= Materials provided =
——————
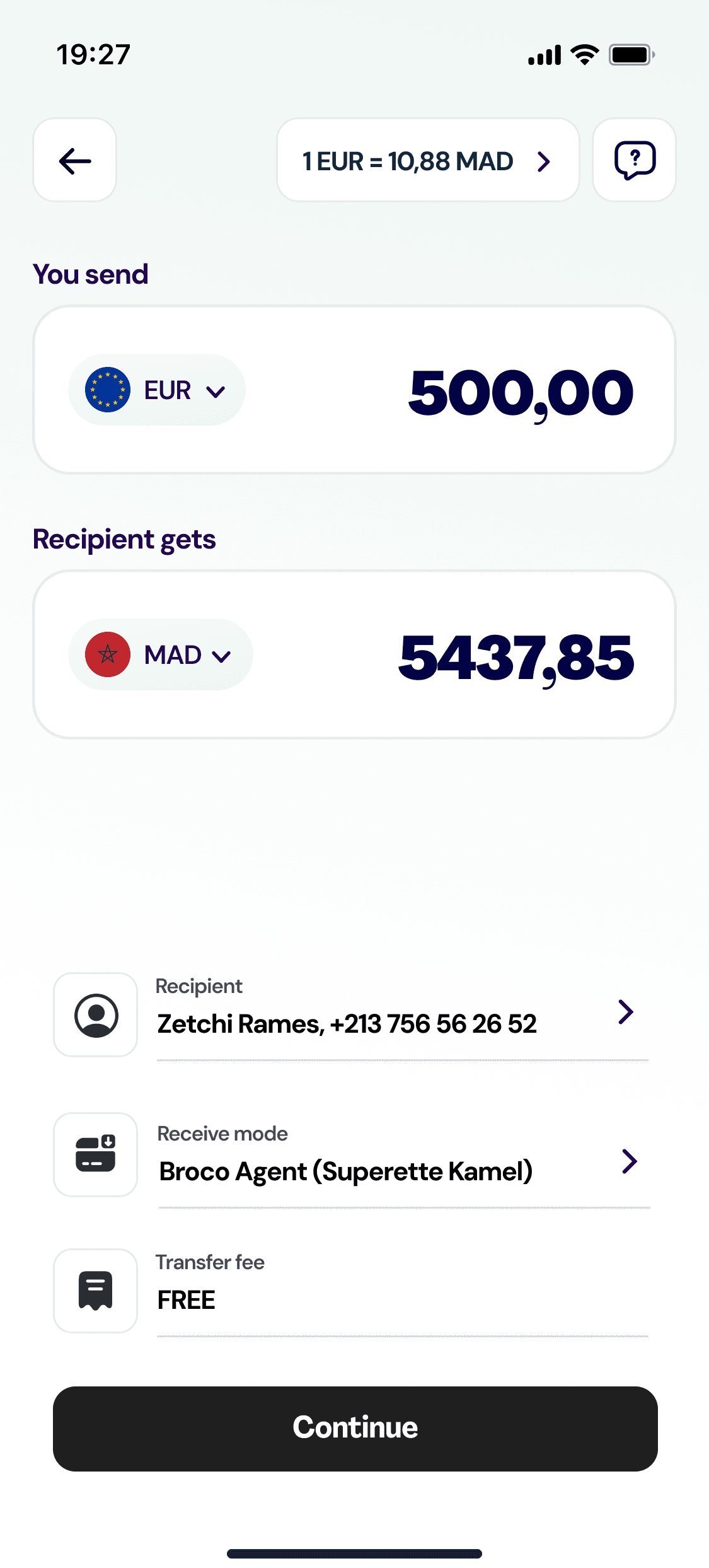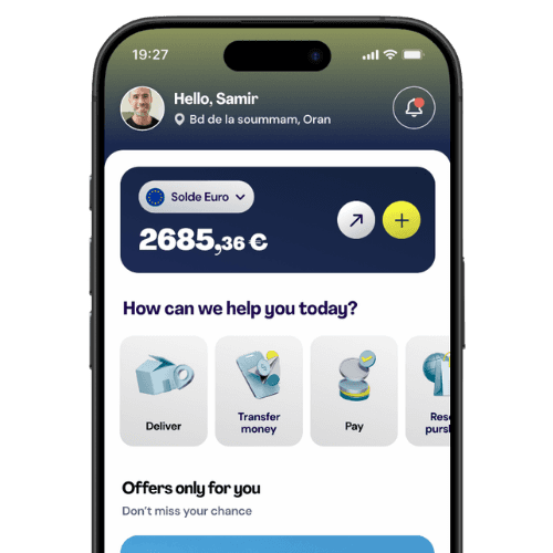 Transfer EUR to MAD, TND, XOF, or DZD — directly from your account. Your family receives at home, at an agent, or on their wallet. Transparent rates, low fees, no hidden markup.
——————
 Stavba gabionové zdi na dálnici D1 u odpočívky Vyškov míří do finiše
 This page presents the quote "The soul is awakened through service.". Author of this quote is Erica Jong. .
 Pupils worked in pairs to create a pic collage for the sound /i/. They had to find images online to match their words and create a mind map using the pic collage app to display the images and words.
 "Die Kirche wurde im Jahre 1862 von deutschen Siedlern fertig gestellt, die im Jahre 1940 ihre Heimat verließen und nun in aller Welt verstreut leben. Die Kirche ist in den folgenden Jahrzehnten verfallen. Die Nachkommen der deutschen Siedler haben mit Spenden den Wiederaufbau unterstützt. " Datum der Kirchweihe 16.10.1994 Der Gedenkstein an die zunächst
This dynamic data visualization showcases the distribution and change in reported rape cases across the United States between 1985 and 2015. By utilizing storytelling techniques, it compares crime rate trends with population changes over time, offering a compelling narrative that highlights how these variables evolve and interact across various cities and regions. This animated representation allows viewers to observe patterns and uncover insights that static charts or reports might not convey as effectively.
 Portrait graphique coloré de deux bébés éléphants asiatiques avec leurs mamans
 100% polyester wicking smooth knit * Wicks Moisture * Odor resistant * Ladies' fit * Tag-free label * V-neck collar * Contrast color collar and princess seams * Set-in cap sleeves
——————
From the records above, reproduce exactly the lines from the one with "Stavba gabionové zdi" to the one with "an die zunächst", both included, and no others.

= Output =
 Stavba gabionové zdi na dálnici D1 u odpočívky Vyškov míří do finiše
 This page presents the quote "The soul is awakened through service.". Author of this quote is Erica Jong. .
 Pupils worked in pairs to create a pic collage for the sound /i/. They had to find images online to match their words and create a mind map using the pic collage app to display the images and words.
 "Die Kirche wurde im Jahre 1862 von deutschen Siedlern fertig gestellt, die im Jahre 1940 ihre Heimat verließen und nun in aller Welt verstreut leben. Die Kirche ist in den folgenden Jahrzehnten verfallen. Die Nachkommen der deutschen Siedler haben mit Spenden den Wiederaufbau unterstützt. " Datum der Kirchweihe 16.10.1994 Der Gedenkstein an die zunächst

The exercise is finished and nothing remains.